Top of Data extracts
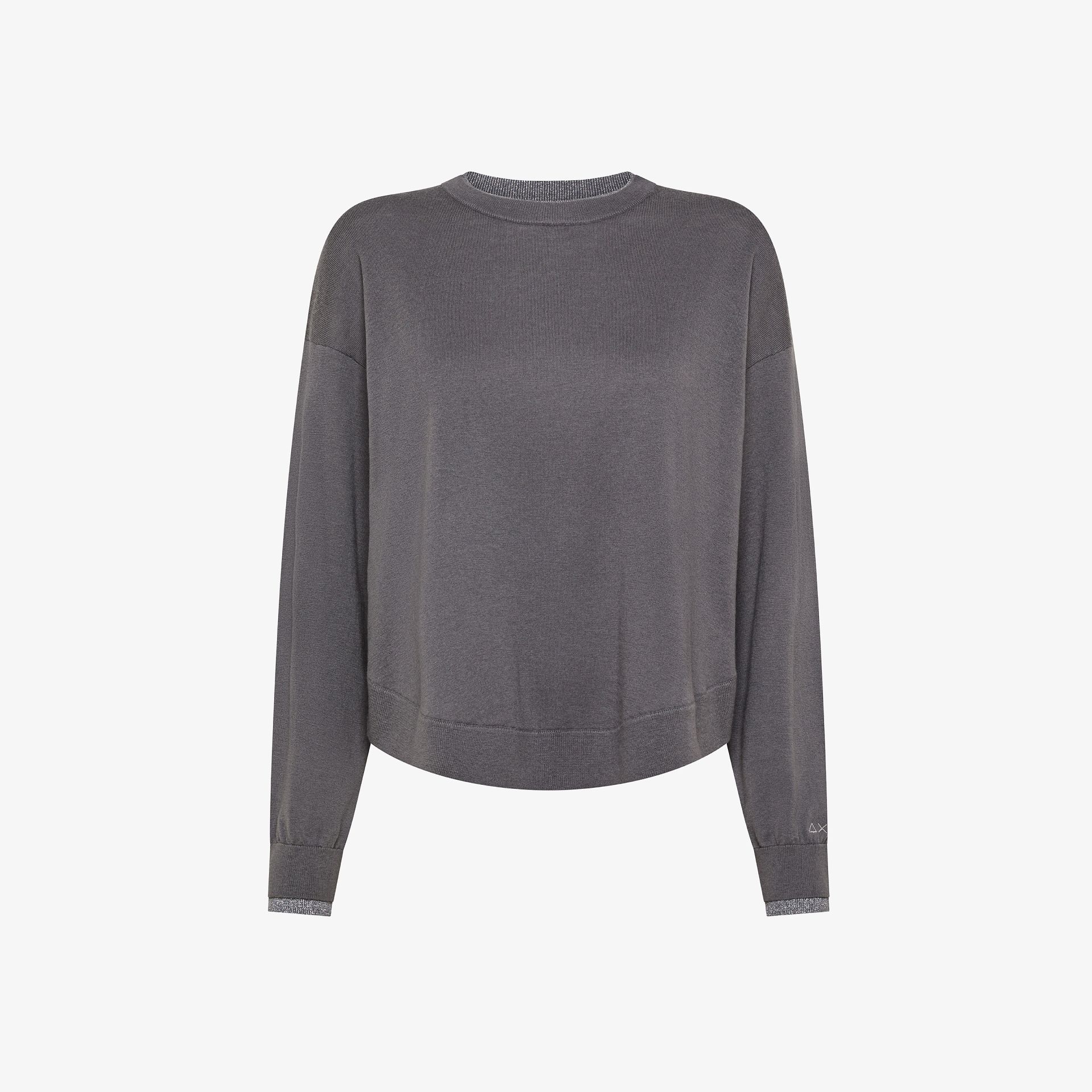 Maglia in filato di lana e cotone Dettagli in lurex Girocollo Maniche lunghe Bordi a costine Logo SUN68 ricamato sul polso
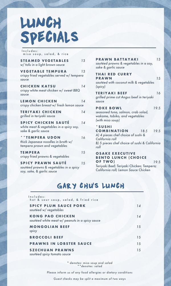 Customer reviews praise Osake for its delectable walnut shrimp martini and fresh sushi with impeccable presentation. The extensive wine and sake lists add a touch of sophistication to the dining experience. While some customers mention a slightly higher price point, they rave about the generous portions and top-notch quality of the fish.
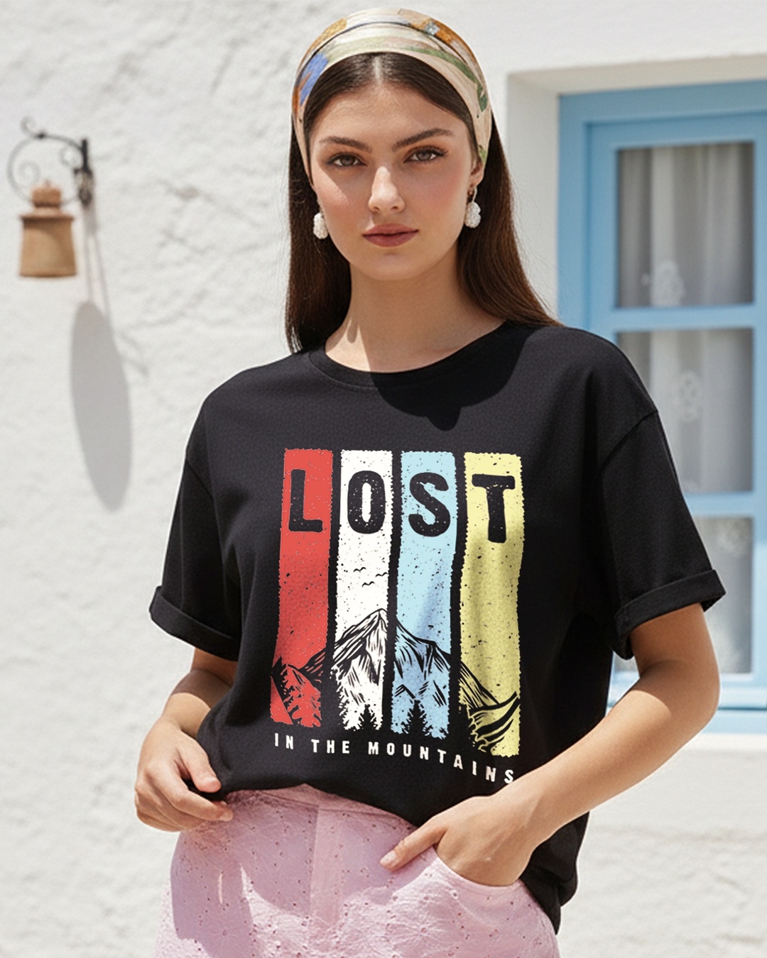 Women's Black Lost In The Mountains Boyfriend T-shirt
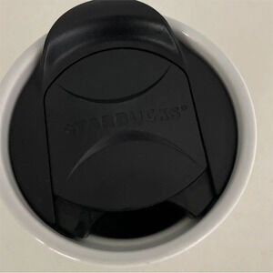 Ceramic coffee mug with green Siren logo on the front with Starbucks spell-out on the back.
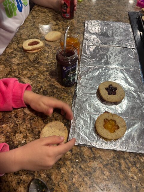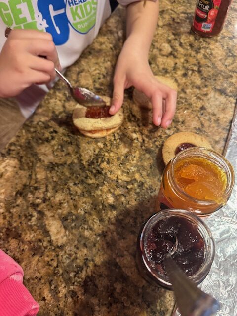 Our cookies turned out slightly larger than expected, yielding 12 sandwich cookies after discarding a few crisp bases. The girls had a blast assembling the cookies with three different jams. The result was surprisingly delicious—soft cookies with just the right amount of sweetness from the jam. Notably, they didn’t even request icing, a testament to the cookies’ appeal.
Bottom of Data extracts
Each entry should be transcribed exactly as given, with pictures omitted.

**Finished exercise**
 Maglia in filato di lana e cotone Dettagli in lurex Girocollo Maniche lunghe Bordi a costine Logo SUN68 ricamato sul polso
 Customer reviews praise Osake for its delectable walnut shrimp martini and fresh sushi with impeccable presentation. The extensive wine and sake lists add a touch of sophistication to the dining experience. While some customers mention a slightly higher price point, they rave about the generous portions and top-notch quality of the fish.
 Women's Black Lost In The Mountains Boyfriend T-shirt
 Ceramic coffee mug with green Siren logo on the front with Starbucks spell-out on the back.
 Our cookies turned out slightly larger than expected, yielding 12 sandwich cookies after discarding a few crisp bases. The girls had a blast assembling the cookies with three different jams. The result was surprisingly delicious—soft cookies with just the right amount of sweetness from the jam. Notably, they didn’t even request icing, a testament to the cookies’ appeal.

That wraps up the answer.